WHAT YOU NEED TO DO
Set down, word for word, every line of the material below from the one containing "Magic and more" through the one containing "Nora 1/2A: Bộ", but none of its pictures.

DATASET EXTRACT
--*--

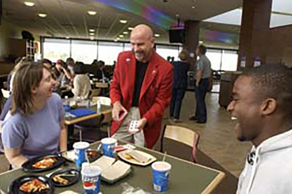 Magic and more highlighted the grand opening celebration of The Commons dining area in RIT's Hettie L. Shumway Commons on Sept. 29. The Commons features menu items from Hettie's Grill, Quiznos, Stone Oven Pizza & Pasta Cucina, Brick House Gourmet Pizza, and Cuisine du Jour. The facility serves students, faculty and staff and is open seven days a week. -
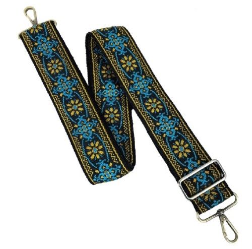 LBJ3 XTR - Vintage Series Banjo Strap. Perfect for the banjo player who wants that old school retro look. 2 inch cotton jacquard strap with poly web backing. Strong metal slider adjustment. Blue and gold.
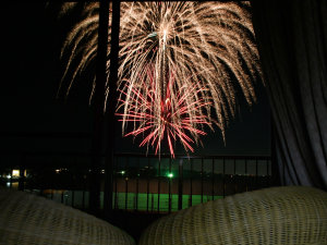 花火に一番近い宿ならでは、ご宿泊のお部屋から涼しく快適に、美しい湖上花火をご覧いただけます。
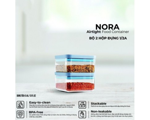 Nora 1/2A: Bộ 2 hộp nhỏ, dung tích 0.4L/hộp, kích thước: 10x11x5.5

--*--

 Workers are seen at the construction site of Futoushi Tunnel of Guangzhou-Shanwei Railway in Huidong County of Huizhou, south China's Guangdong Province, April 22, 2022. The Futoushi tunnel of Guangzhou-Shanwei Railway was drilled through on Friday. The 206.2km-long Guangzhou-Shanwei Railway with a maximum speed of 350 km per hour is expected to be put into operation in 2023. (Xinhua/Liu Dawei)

--*--

ANSWER SECTION
 Magic and more highlighted the grand opening celebration of The Commons dining area in RIT's Hettie L. Shumway Commons on Sept. 29. The Commons features menu items from Hettie's Grill, Quiznos, Stone Oven Pizza & Pasta Cucina, Brick House Gourmet Pizza, and Cuisine du Jour. The facility serves students, faculty and staff and is open seven days a week. -
 LBJ3 XTR - Vintage Series Banjo Strap. Perfect for the banjo player who wants that old school retro look. 2 inch cotton jacquard strap with poly web backing. Strong metal slider adjustment. Blue and gold.
 花火に一番近い宿ならでは、ご宿泊のお部屋から涼しく快適に、美しい湖上花火をご覧いただけます。
 Nora 1/2A: Bộ 2 hộp nhỏ, dung tích 0.4L/hộp, kích thước: 10x11x5.5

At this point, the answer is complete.